The underside of the span is held in place with two small fairleads.
Then the mast was lowered and the blocks fitted. Since I don't know the correct length of the ropes required I ran a thin leader through each block so that once the mast was back upright again I could pull the rope up to and through the block and down again. The rope was then cut to the correct length. I had six ropes to do so this took most of the afternoon. You can se the result above. It is not finished yet, I'm still waiting for some blocks on back order to arrive, so the mast will have to come down again for that.
Still, the boat looks even better now.
The bobstay fitting was installed. I used thickened epoxy as a bedding compound and scraped the paint off from under the fitting down to the epoxy underlay. Once this is cured I'll repaint the hull and probably the fitting as well.
The, with Tina's help, I took a look at the headsails, the two in front of the mast. I had a staysail in the first secondhand sail I bought and that was near enough the correct size. Too big but it can be cut down if necessary. But leaving it as it is means no further work required.
The jib was cut out of the lighter weight sail and that will need to be seamed and so on, a project for during the week.
Since the staysail need nothing doing I decided to hoist it and see what it looked like. The Wykeham Martin furling gear was attached and then the sail attach to the furling gear. Tina took a photo.
The sail touches the mast when it moves from one side to the other but that shouldn't be a problem, and it is only just short enough to fit between the mast and the bowsprit. any longer and it would not be possible to hoist it up fully. It will do for now. The main thing is that as long as there is a South or South-West wind on Friday we will be able to sail back to the mooring even with just this one sail. Slowly, I grant you, but sailing nevertheless.

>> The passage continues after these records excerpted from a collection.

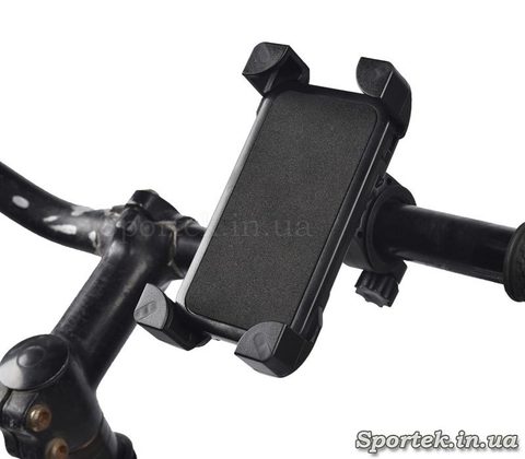 При помощи специального зажима держатель крепится к рулю велосипеда, мопеда, коляски и т.д диаметром от 22 мм до 35 мм.
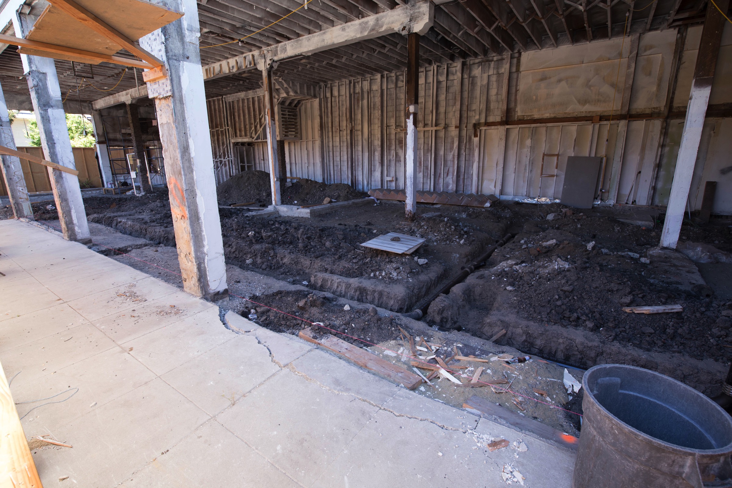 Finally, I’ve been keeping a watchful eye on Broadway Masala. Although it appears that someone is occasionally dropping by the work site and moving a few things around, I’m disappointed to report that work has essentially stopped (from what I can see): trenches have been dug and new sanitary sewer pipes have been put into those trenches, but the trenches have remained open now for a couple of weeks, at least:
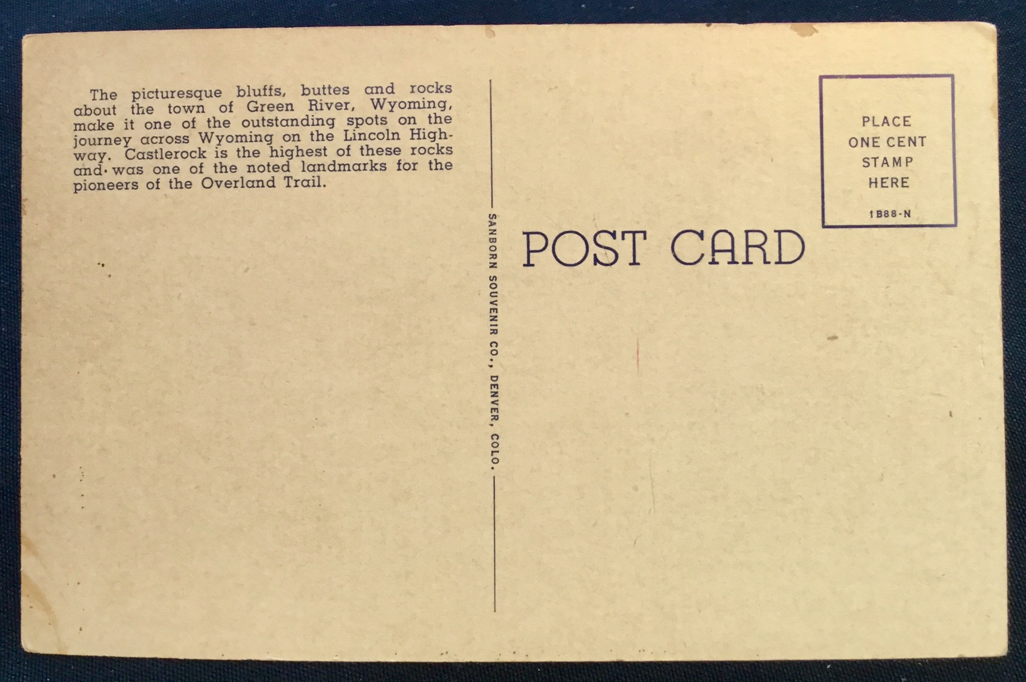 POSTCARD, Unused. 1088-Castle rock from Green River, Wyoming, Green River, Wyoming. ANY SHADOWS ARE DUE TO MY PHOTOGRAPHIC EXPERTISE. See Photo for Condition. Our goal is to provide sound stamps/Postcards (unless o ... Read More
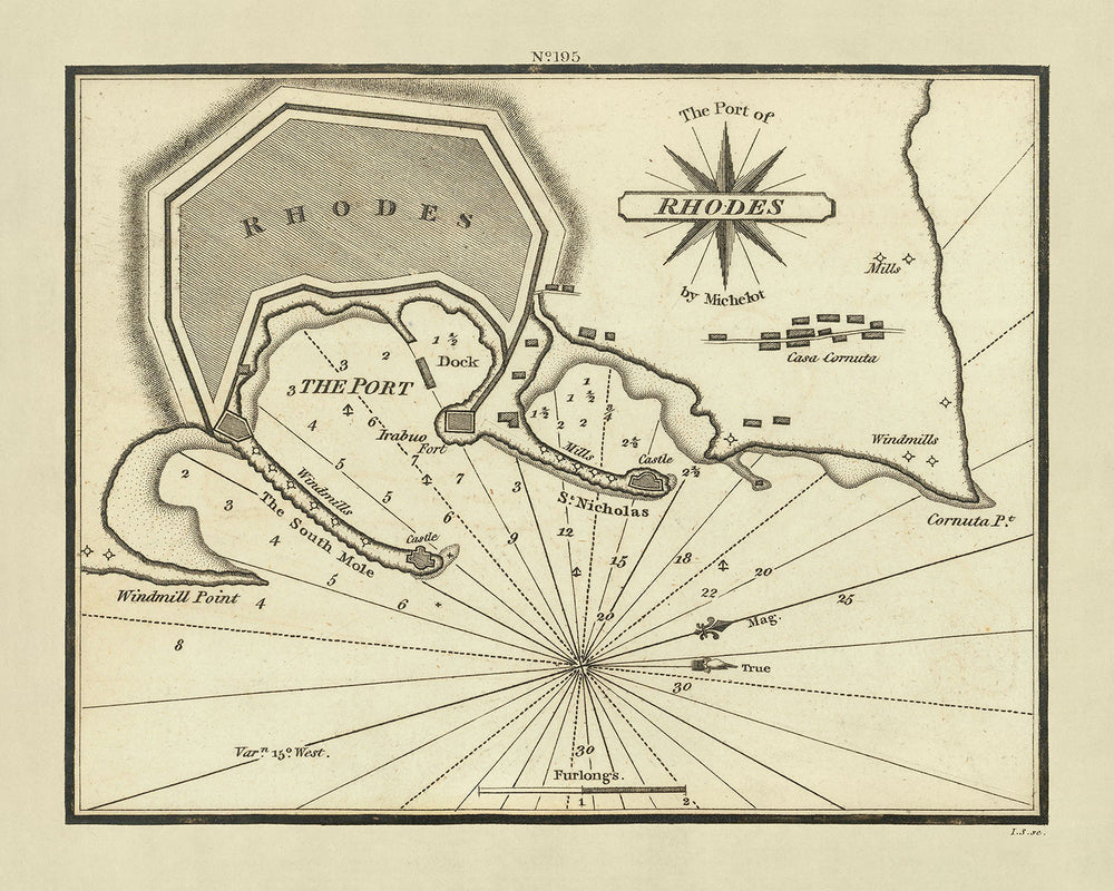 Históricamente, Rodas ha sido un centro marítimo fundamental debido a su posición estratégica en el Mar Egeo. Este gráfico no sólo capta la disposición física del puerto y sus alrededores inmediatos, sino que también refleja la importancia histórica de Rodas como cruce de caminos de varias civilizaciones. Las representaciones detalladas de fortificaciones y edificios insinúan el papel de la isla en la defensa y el comercio, ofreciendo una visión de la bulliciosa vida que alguna vez invadió este puerto.
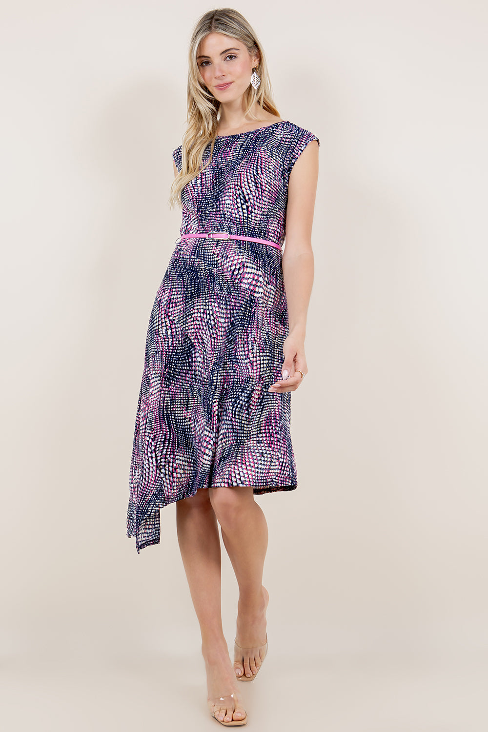 JACQUARD ITY Pink and purple print sleeveless round-neck bias dress with belt.
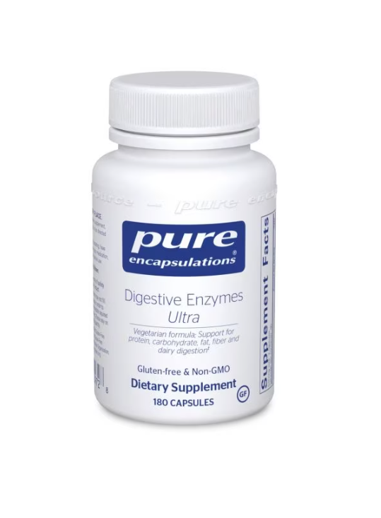 Digestive Enzymes Ultra contains an extensive profile of vegetarian digestive enzymes. Proteases included in this formula provide optimal activity across a wide pH range. They facilitate the normal breakdown of proteins and di- and tri-peptides. Lipase promotes lipid breakdown, while amylase and glucoamylase are included to stimulate polysaccharide breakdown of starch and glycogen. Invertase and lactase support the digestion of carbohydrate disaccharides, including the dairy sugar lactose. This formula also offers numerous enzymes to support fiber breakdown, including cellulase, hemicellulase, beta-glucanase, and phytase. These enzymes act to break down cell wall components and phytic acid, promoting nutrient bioavailability of fiber-containing foods. Additionally, alphagalactosidase promotes the breakdown of certain complex carbohydrates, such as raffinose and stachyose, found in some vegetables, grains, and legumes— helping to relieve occasional bloating or gas.*
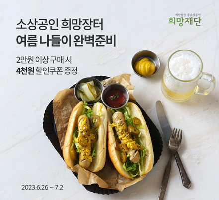오아시스마켓은 올해 ‘희망장터’의 첫 시작으로 오는 26일부터 7월 2일까지 ‘여름 나들이 완벽준비’ 기획전을 개최한다. 나들이에서 즐기기 좋은 약 600개 상품을 최대 30% 할인 판매하고, 중복 사용 가능한 4000원 할인 쿠폰을 제공한다. 단, 해당 쿠폰은 2만원 이상 결제 시 사용할 수 있다.
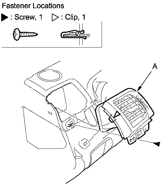 2. Remove the screw, and detach the clip, then remove the driver's side vent (A).
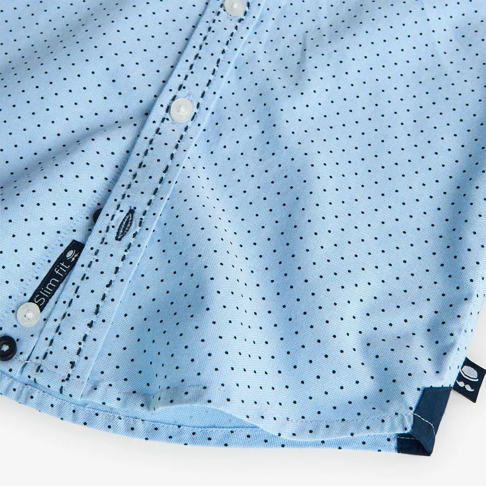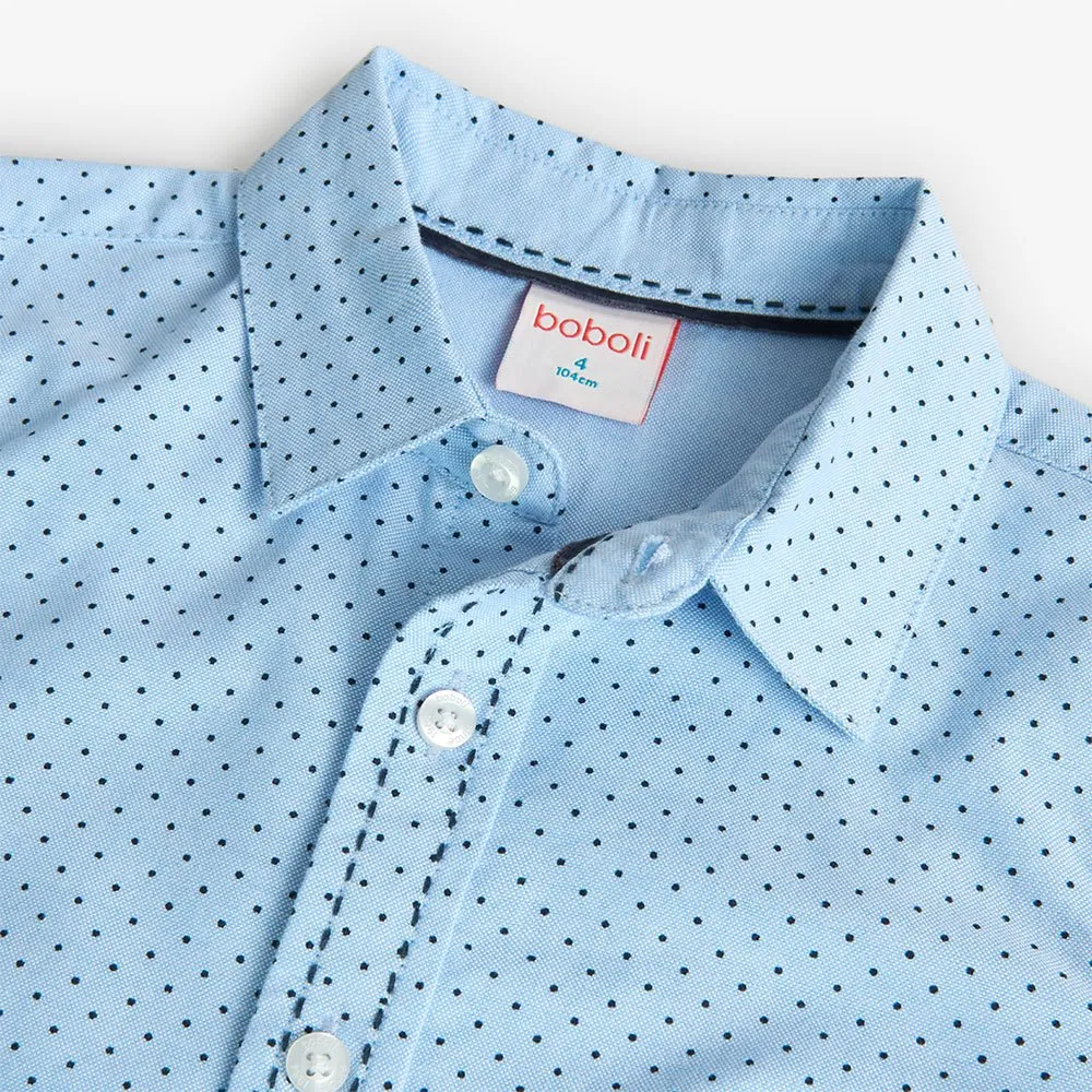 Dies ist ein Oxford-Hemd für Jungen mit einem Polka-Dot-Design.
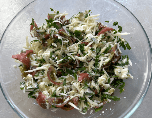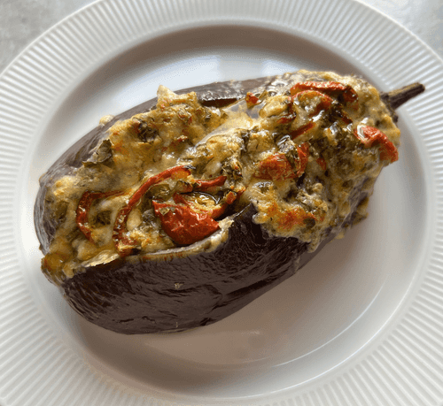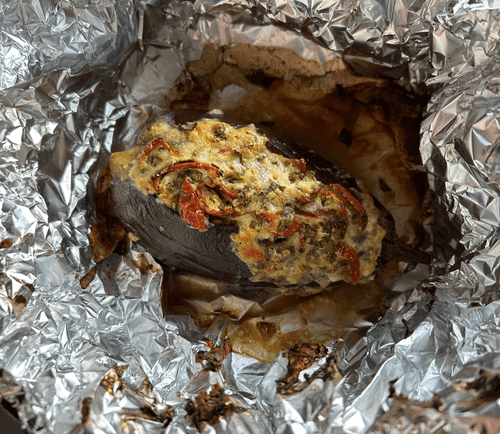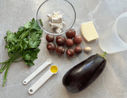 Битые баклажаны с сыром и помидором — это блюдо, в котором оживает душа грузинской кухни. Оно сочетает мягкость печеного баклажана с насыщенным вкусом брынзы и твердых сыров, а сладость черри придаёт приятную свежесть. Этот рецепт олицетворяет традицию использования простых, но выразительных ингредиентов, которые раскрывают свою суть при правильной обработке. Баклажан, отбитый до мягкости, становится идеальной основой для ароматной начинки из сыра, зелени и чеснока. Процесс запекания делает вкус более глубоким, а текстуру — нежной. Подача с оливковым маслом подчёркивает восточные нотки, добавляя блюду изысканности. Это угощение идеально подходит как самостоятельное блюдо или как часть большого грузинского застолья, где ценится гармония вкусов и богатство ароматов.
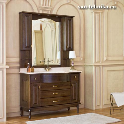 Покрытие трёхслойное влагостойкое, тонированный лак. Тумба комплектуется столешницей из натурального мрамора и фаянсовой раковиной Roca Foro или Gustavsberg 6147-98. Петли со встроенными доводчиками.
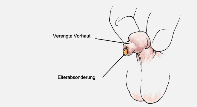 Eine Phimose entsteht durch die Verklebung der Vorhaut mit der Eichel oder Vernarbung der Vorhaut, so dass sich diese nicht mehr zurückschieben lässt. Von Paraphimose spricht man, wenn die Vorhaut nach gewaltsamem Zurückstreifen eine Schwellung der Eichel verursacht und nicht mehr vorgeschoben werden kann. Dies ist ein Notfall, falls es nicht gelingt, durch Druck auf die Eichel und Massage die Schwellung zu verringern und die Vorhaut wieder nach vorne zu schieben.
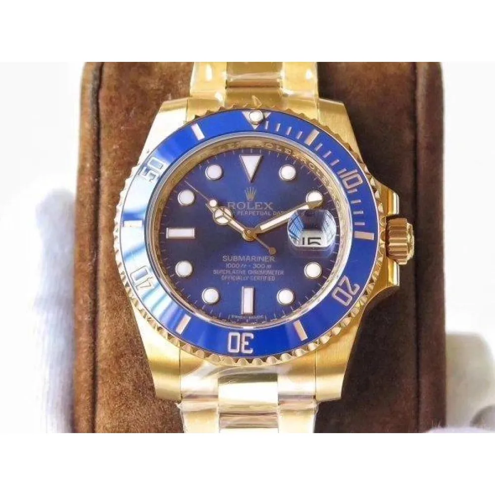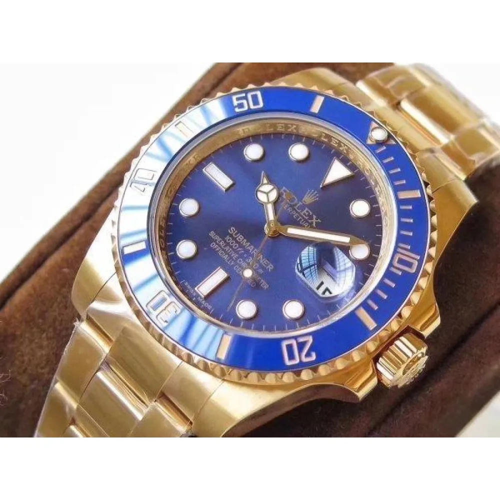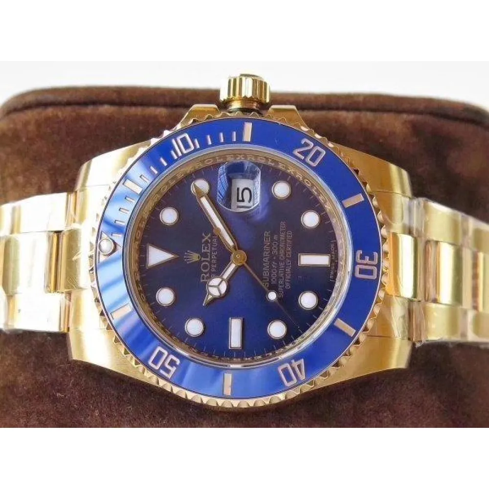 Синий, переливающийся. Позолоченные часовые риски и стрелки, покрытые люминесцентным составом Super LumiNova С3. Окно даты в отметке на 15.00 часов под увеличительным окном 2,5. Гравировка маркировки Rolex и серийного номера Rolex на внутреннем ранте.
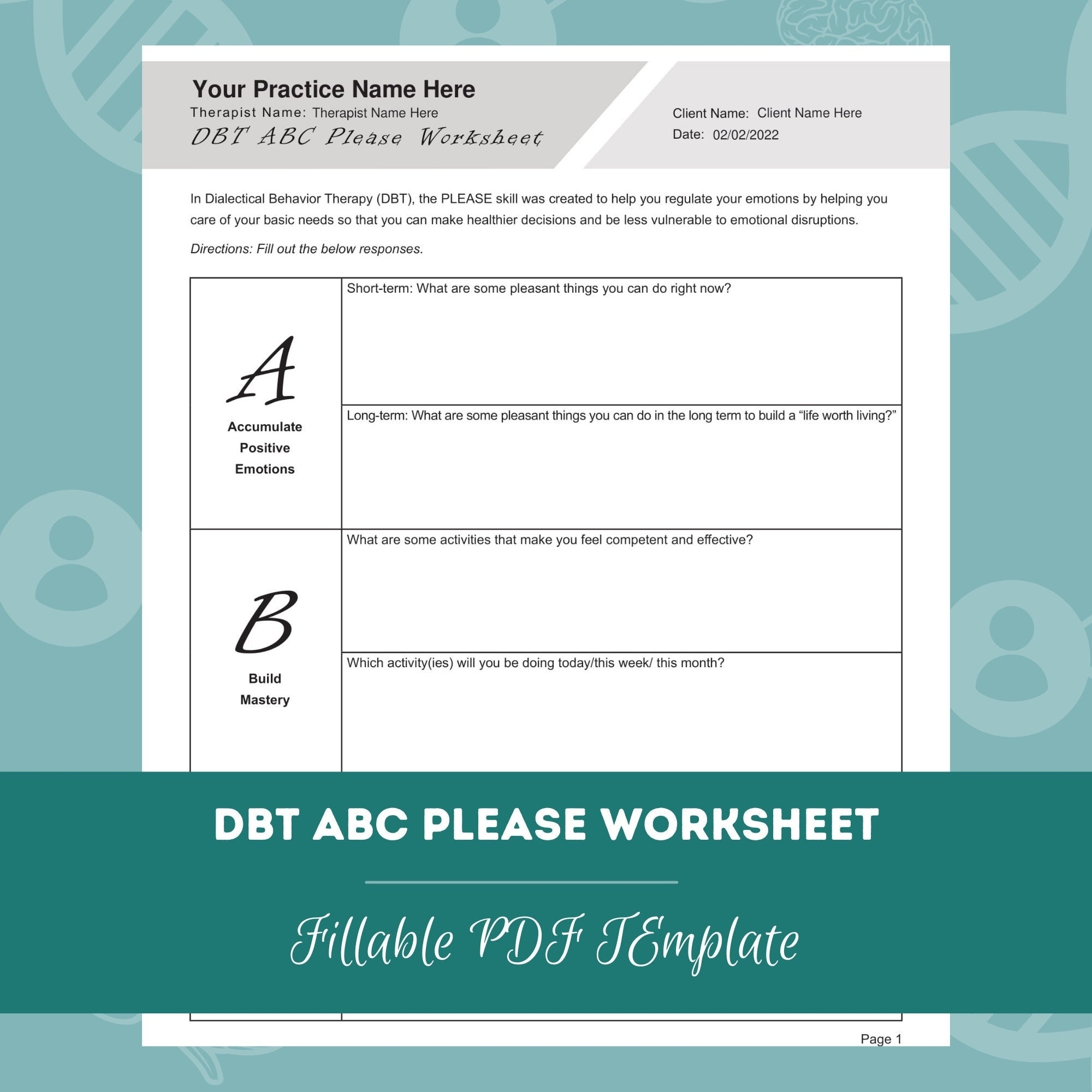 Dialectical Behavior Therapy (DBT) is a type of cognitive-behavioral therapy that focuses on the psychosocial aspects of therapy. DBT is often used to treat individuals with borderline personality disorder, as well as other mental health conditions. One of the key components of DBT is the use of worksheets to help individuals develop skills to manage their emotions, improve relationships, and cope with distressing situations.
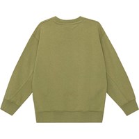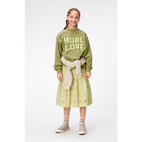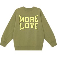 Olivengrøn sweatshirt med 'More Love' trykt på fronten. Sweatshirten har lave skuldersøm og lange ærmer, rund hals og ribkanter.

The furling gear has to be attached to the gammon iron and the bowsprit. Without the strop round the bowsprit the furling gear would continually rub against the forestay and both would be damaged. I'll make a better strop during the week.
This is what the staysail looks like when it is furled.
After a bite to eat and with a cut of tea I sat in the conservatory and hand stitched three of the four seams where the sailcloth is too thick for a sewing machine. A nice way to end the day.